The API as sketched above doesn't deeply assume single-threadedness
for the "find object by SHA" or "add object if it doesn't exist".
There is a single-threaded assumption for begin/end-transaction.  The
implementation can use pthread_once to handle anything that needs to
be done lazily when adding objects.

> > Btw, I'm planning in a future series to reduce the system calls
> > involved in renaming a file by taking advantage of the renameat2
> > system call and equivalents on other platforms.  There's a pretty
> > strong motivation to do that on Windows.
>
> What do you have in mind for renameat2() specifically?  I.e. which of
> the 3x flags it implements will benefit us? RENAME_NOREPLACE to "move"
> the tmp_OBJ to an eventual OBJ?
>

Yes RENAME_NOREPLACE.  I'd want to introduce a helper called
git_rename_noreplace and use it instead of the link dance.

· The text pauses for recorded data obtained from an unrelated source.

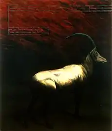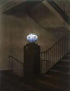 In 1985, Klamen began creating meticulous oil renderings of solitary, frozen animals (based on natural museum tableaux) and atmospheric, noir-ish landscapes based on memory,[40] which he explored for their metaphorical qualities.[13][14][21] He nearly obliterated these images with a layer of up to twenty coats of varnish,[41] distancing them under an impenetrable, dark sepia-toned gloss, like insects in amber.[42][43] This slowed disclosure of the work, as viewers had to allow their eyes to adjust to the hard-to-decipher images.[44] He complicated the work by overlaying symbols, shapes or lines (often in stark white) on the varnished surface or by inexplicably leaving key areas unvarnished—and thus surreally illuminated—creating what critic Donald Kuspit called an "ominous, unresolved, uncanny contrast."[15][12][19] In the early 1990s, Klamen introduced similarly haunting, austere images of architectural interiors—Victorian lobbies, halls and staircases in museums and universities,[45] often featuring solitary, illuminated precious objects—with works such as in Untitled (1993, see left) that some critics felt were his most powerful to date.[46][22][47]
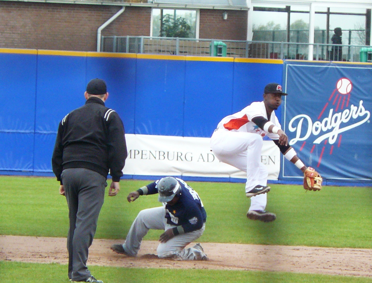An example of the uninspired Kinheim came in the second inning when Urvin Kemp occupied first base when Rien Vernooij grounded into what should have been a double play. But Kinheim’s first baseman Jeffrey Arends threw the ball against the back of Urvin Kemp to blow the double play, so both runners were safe. The other example came in the top of the seventh. With Scott Ronnenbergh on the mound, and with Benjamin Dille on third and Raily Legito on first, Legito tried to steal
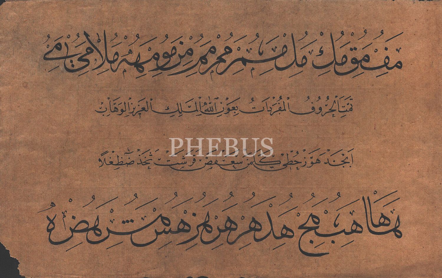 Orta kısmında yer alan satırlarda, "Aziz ve Vehhab olan Allah´ın yardımıyla harfler tamam oldu" anlamına gelen, "Temmeti’l-hurûf ül-müfredatü bi-avnillâhi’l-meliki’l-azizi´l-vehhab" ve Peygamber döneminde de kullanılan Arap alfabesinin ilk düzeni olan "Ebced, hevvez, huttî, kelemen, sa´fes, karaşet, sehaz, dazığlen" yazılıdır.
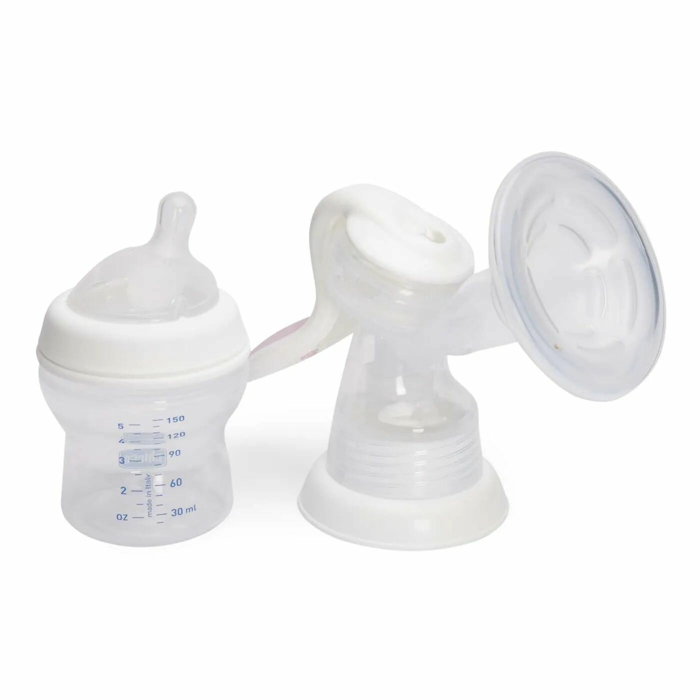 Молокоотсос ручной механический с бутылочкой для кормления ШГ и соской, 150 мл., цвет белый
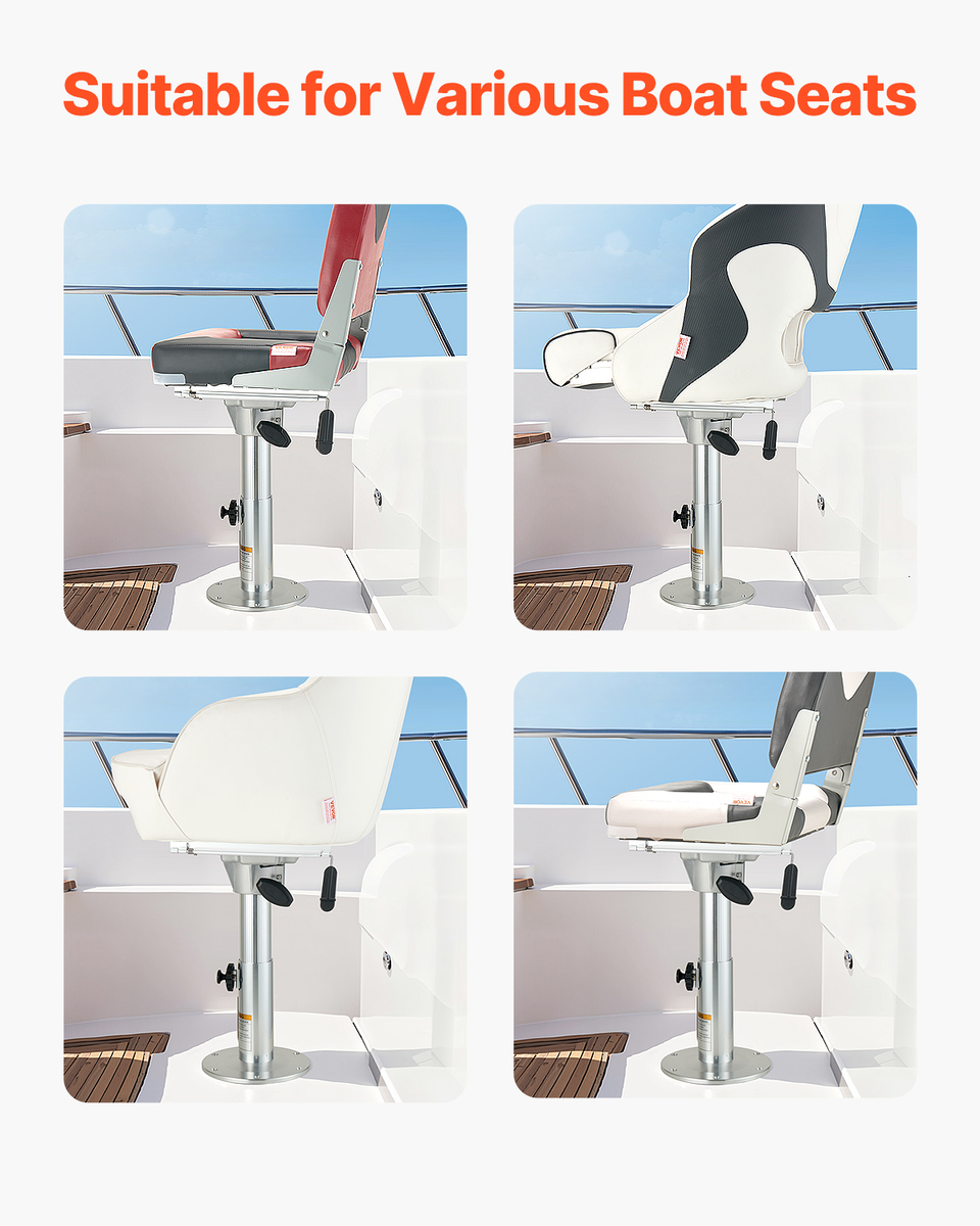 Widely Compatible: This versatile boat pedestal fits many types of boat seats, letting you enjoy water sports like fishing and boating on fishing boats, yachts, canoes, and more!
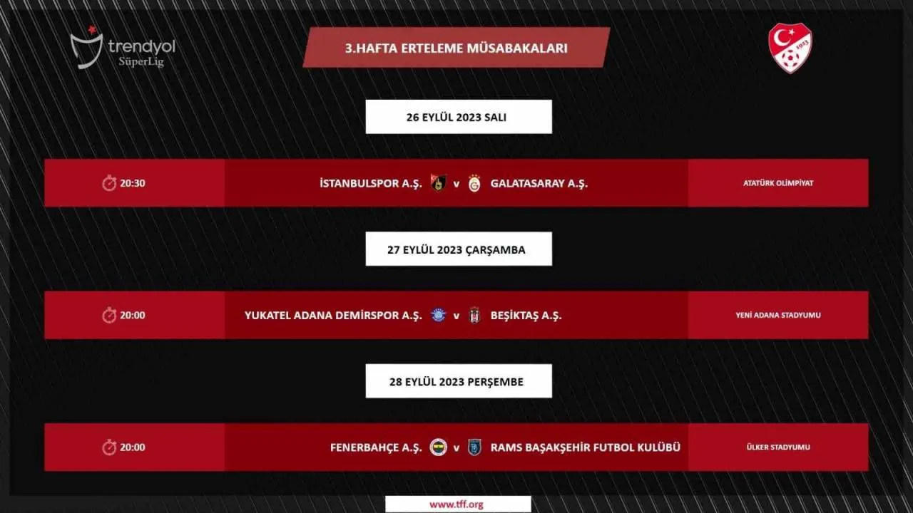 Süper Lig’in 3. haftasında oynanması planlanan İstanbulspor - Galatasaray, Adana Demirspor - Beşiktaş ve Fenerbahçe - Başakşehir müsabakaları, takımların Avrupa kupalarında oynayacakları play-off maçları Türkiye Futbol Federasyonu (TFF) tarafından ileri bir tarihe ertelenmişti. TFF’den yapılan açıklamada bu mücadelelerin tarihleri açıklandı. Buna göre ertelenen karşılaşmalarının tarihi ve saatleri şöyle:
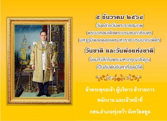 กศน.อำเภอทุ่งหว้า ร่วมรำลึก 🙏เนื่องในโอกาสวันคล้ายวันพระบรมราชสมภพพระบาทสมเด็จพระบรมชนกาธิเบศร มหาภูมิพลอดุลยเดชมหาราช บรมนาถบพิตร 5 ธันวาคม 2564 ข้าพระพุทธเจ้า บุคลากร กศน.อำเภอทุ่งหว้า และห้องสมุดประชาชนอำเภอทุ่งหว้า จังหวัดสตูล ขอน้อมรำลึ
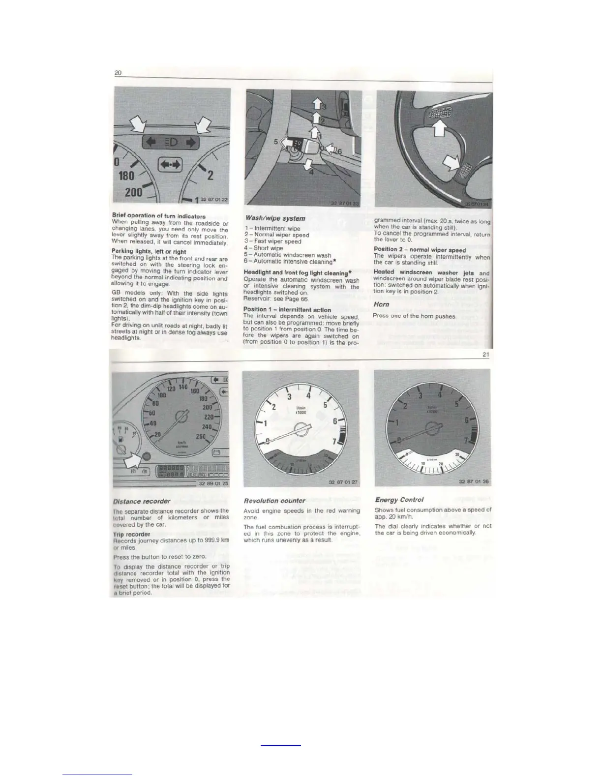 BMW E32 - Wipers, Horn, and Driver Information Displays; Wash;Wipe System Controls; Energy Control and Revolution Counter
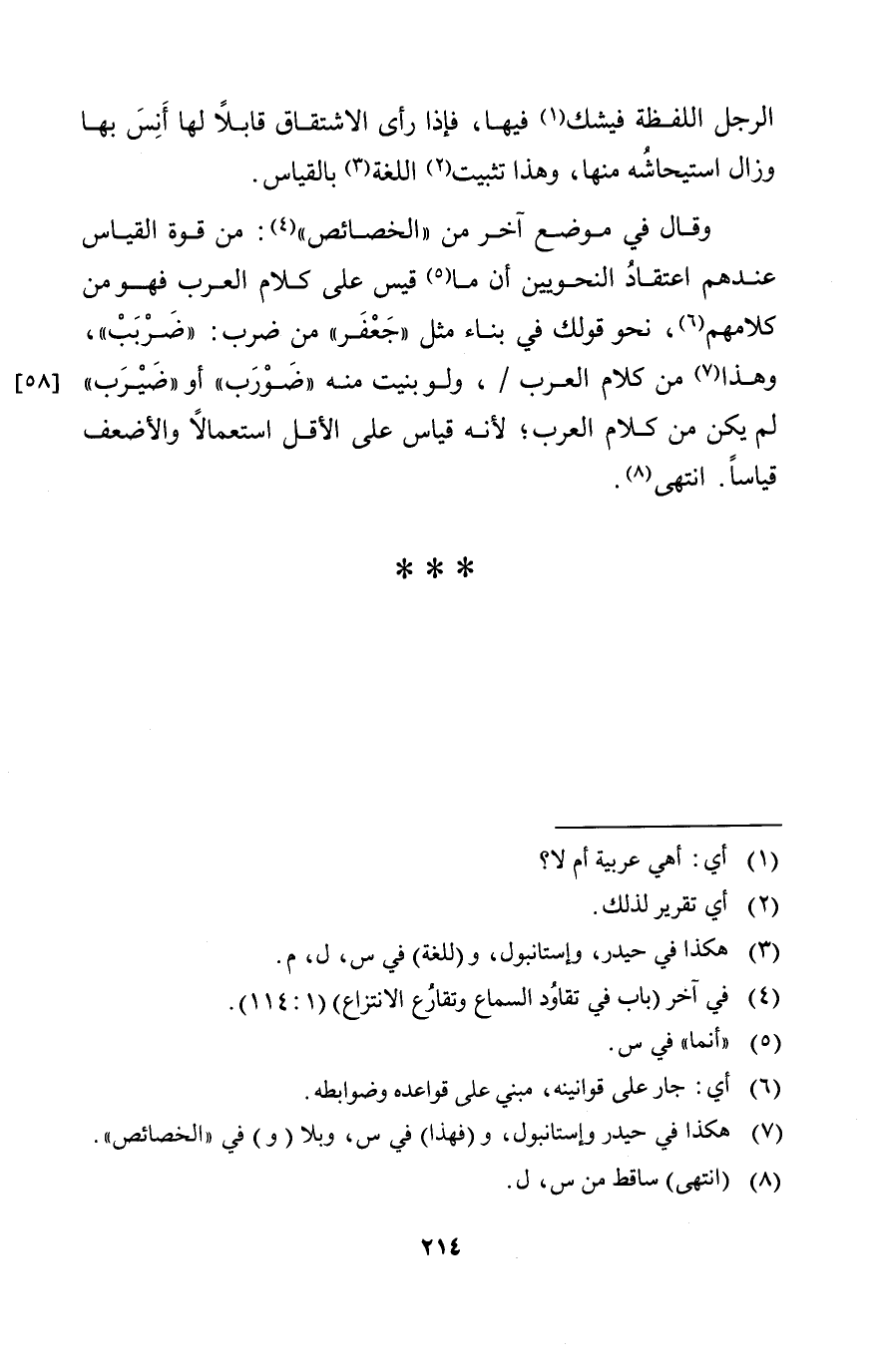 الرجل اللفظة فيشك فيها فإذا رأى الاشتقاق قابلا لها أنس بها وزال استحاشه منها وهذا تثبيت اللغة بالقياس "

> Generally: There's some low-hanging fruit there. E.g. for tmp-objdir we
> slavishly go through the motion of writing an tmp_OBJ, writing (and
> possibly syncing it), then renaming that tmp_OBJ to OBJ.
>
> We could clearly just avoid that in some/all cases that use
> tmp-objdir. I.e. we're writing to a temporary store anyway, so why the
> tmp_OBJ files? We could just write to the final destinations instead,
> they're not reachable (by ref or OID lookup) from anyone else yet.
>

We were thinking before that there could be some concurrency in the
tmp_objdir, though I personally don't believe it's possible for the
typical bulk checkin case.  Using the final name in the tmp objdir
would be a nice optimization, but I think that it's a separable
concern that shouldn't block the bigger win from eliminating the cache
flushes.

> But even then I don't see how you'd get away with reducing some classes
> of syscalls past the 2x increase for some (leading an overall increase,
> but not a ~2x overall increase as noted in:
> https://lore.kernel.org/git/RFC-patch-7.7-481f1d771cb-20220323T033928Z-avarab@gmail.com/)
> as long as you use the tmp-objdir API. It's always going to have to
> write tmpdir/OBJ and link()/rename() that to OBJ.
>
> Now, I do think there's an easy way by extending the API use I've
> introduced in this RFC to do it. I.e. we'd just do:
>
>     ## METHOD FOUR
>     # A -- SAME as THREE, except no rename()
>     write(objects/A.tmp)
>     bulk_fsync(objects/A.tmp)
>     # B -- SAME as THREE, except no rename()
>     write(objects/B.tmp)
>     bulk_fsync(objects/B.tmp)
>     # ref -- SAME
>     write(INDEX.tmp, $(git rev-parse B))
>     fsync(INDEX.tmp)
>     # NEW: do all the renames at the end:
>     rename(objects/A.tmp, objects/A)
>     rename(objects/B.tmp, objects/B)
>     rename(INDEX.tmp, INDEX)
>
> That seems like an obvious win to me in any case. I.e. the tmp-objdir
> API isn't really a close fit for what we *really* want to do in this
> case.
>

I think this is the right place to get to eventually.  I believe the
best way to get there is to keep the plug/unplug bulk checkin
functionality (rebranding it as an 'ODB transaction') and then make
that a sub-transaction of a larger 'git repo transaction.'

> I.e. the reason it does everything this way is because it was explicitly
> designed for 722ff7f876c (receive-pack: quarantine objects until
> pre-receive accepts, 2016-10-03), where it's the right trade-off,
> because we'd like to cheaply "rm -rf" the whole thing if e.g. the
> "pre-receive" hook rejects the push.
>
> *AND* because it's made for the case of other things concurrently
> needing access to those objects. So pedantically you would need it for
> some modes of "git update-index", but not e.g. "git unpack-objects"
> where we really are expecting to keep all of them.
>
> > Thanks for the concrete code,
>
> ..but no thanks? I.e. it would be useful to explicitly know if you're
> interested or open to running with some of the approach in this RFC.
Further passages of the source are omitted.